After a while, he removed a volume of the Black File from his suitcases and passed his time studying it: the names and faces and the modus operandi and the long, long lists of crimes of his enemies, the enemies of all civilized people. . . . He told himself this study was useful work, but in fact he just found that the fog of self-righteous loathing that rolled over him whenever he opened the Black File soothed his nerves.

He’d never visited Kingstown Station before. However, the Station’s physical and hierarchical organization was almost identical to that of Angelus Station—as one would expect, since both were designed according to the same principles of efficiency and good order. The two Stations, though they were thousands of miles apart, differed only in that Kingstown’s outer ring of fortifications was rather thicker than Angelus’s, and bristled with a gteater density of barbed wire and machine guns—but of course, this was wild, unsettled country.

He quickly found his way to the relevant Desk where he was assigned a room and a temporary office, which was identical to the one he’d had back in Angelus.

He waited to be summoned.

They came for him at midnight. Two Privates of the Army of the Kingstown Engine banged on his door, waking him from dreamless sleep. When he answered the door, they turned smartly on their heels and disappeared down an unlit corridor, gesturing for him to follow. He did. Their boots echoed dully down the concrete hallways.
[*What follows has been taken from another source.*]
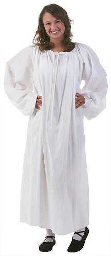 2. Full-length chemise in white, cream, or yellow. The early Irish leine (chemise or tunic) was pretty simple. It could be sewn with straight sleeves, like this, or it could be a sleeveless unsewn tunic pinned at the shoulders, like the Greeks wore (see #3). By the 1500s the Irish were famous for dying their leines with saffron, but it’s not clear when this preference for yellow developed.

A midnight summons almost invariably meant court-martial, or more often discipline without formal process, and so he didn’t even bother to ask the two Privates where they were leading him. They probably didn’t know, anyway. He trudged along in dismal silence, preparing himself for the worst, reminding himself that the Line’s wisdom was greater than his own.

They led him into a windowless room, and left him there.

The floor was gray tile. At the far side of the room was a steel table. Behind that were three chairs and an electric lamp. Behind the chairs and the lamp, there was another door.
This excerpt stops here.